To give you a sense of where my interests lie, here's a brief academic sketch.  I am currently fourth year undergraduate studying the History of Science, Medicine, and Technology at the University of Wisconsin-Madison.  Like a lot of students who stumbled across the program, my interests are all over the place; my attraction to the field was partially based on the flexibility of the course-work--in the same semester I could study both Greek and Roman medicine alongside the history of classical physics.  Currently, my interests have narrowed slightly to two very different foci.  First, I am very interested in the history of biology and the related life sciences.  Reliving my childhood fascination with dinosaurs, great apes, and cave men has led me to hone in on the historical development of paleontology and anthropology.  I completed my capstone research paper on the challenges of making museum displays about human evolution encountered by anthropologists and artists at the Chicago Field Museum in the 1930s (more on that later?).  At the same time, I find myself equally drawn to the history of medieval science.  Part of this fascination comes from how unsung the medieval period remains.  There is so much wide-open territory to explore: the development of natural philosophy at medieval universities, the transmission and appropriation of ancient Greek science by Islamic civilization, the interaction between science and the Church, etc.  The more you dig, the more the middle ages deserve study as a time of intellectual achievement on par with the Renaissance or Enlightenment.  While these interests currently provide some guidance to my coursework and reading, my blog will probably go beyond them.  Anything related to the cross-section of science and the humanities will be fair game.

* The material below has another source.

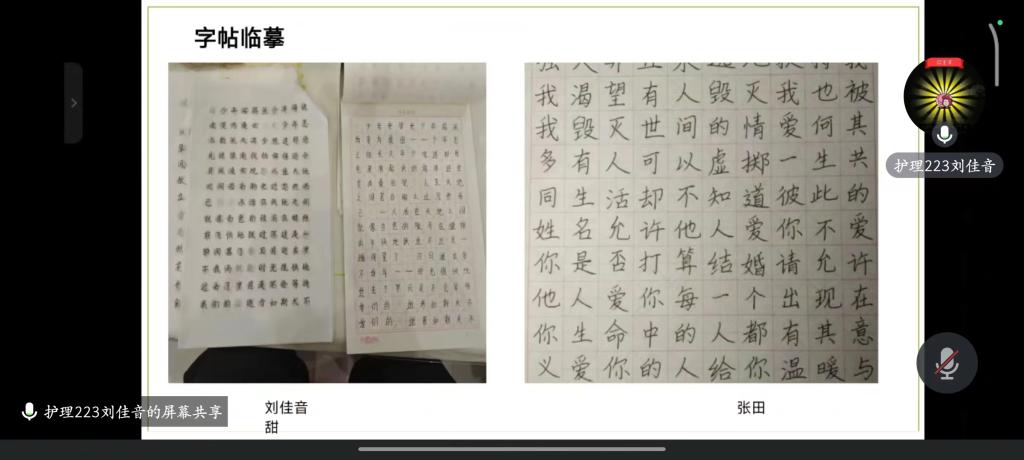 首先,由HLX-043组李岩和HLX-044组刘佳音汇报本周小组成员任务完成情况,两组成员均按时完成字帖和临摹。

Summer Light Reading #1: The Structure of Scientific Revolutions

As a currently unemployed/unemployable history of science undergrad with time to kill, I decided to read the 50th anniversary edition of Thomas Kuhn's The Structure of Scientific Revolutions.  The book is arguably one of the foundational texts in both the History and Philosophy of Science, a must read for anyone with even vague interests in how science "really" works.  Of course, pretty much everything that needs to be said about the book seems to have been said; as an undergraduate, I won't even attempt to pretend like my opinion on the book's philosophical worth or historical utility matters.  Instead, I want to record my own reactions to the book as an undergrad reading it for the first time.  As someone familiar with the history of science, much of the books central claims barely raised an eyebrow.  For example, I was not shaken by Kuhn's claim that scientists choose new theories based on persuasion and future promise rather than on a careful comparison of that theory to nature or through logical analysis.  Nor did I find it hard to swallow Kuhn's denial that science constantly progresses closer to a single, underlying truth about nature.  I think my reaction reflects the fact that Kuhn's approach has been incorporated, debated, rejected, and reevaluated so thoroughly by historians of science that many historians no longer really see the book as all that revolutionary.  Instead, Kuhn's approach represents merely one of many ways to view the history of science.  Indeed, many historians--take for example the historian of medicine Harold Cook--view Kuhn's approach as outdated, reflecting the skewed values of logical positivism, which elevated theory over experiment and held physics as the model for all of science.  As a history text, Structure is still worth reading, but more as an example of one of many approaches to the history of science.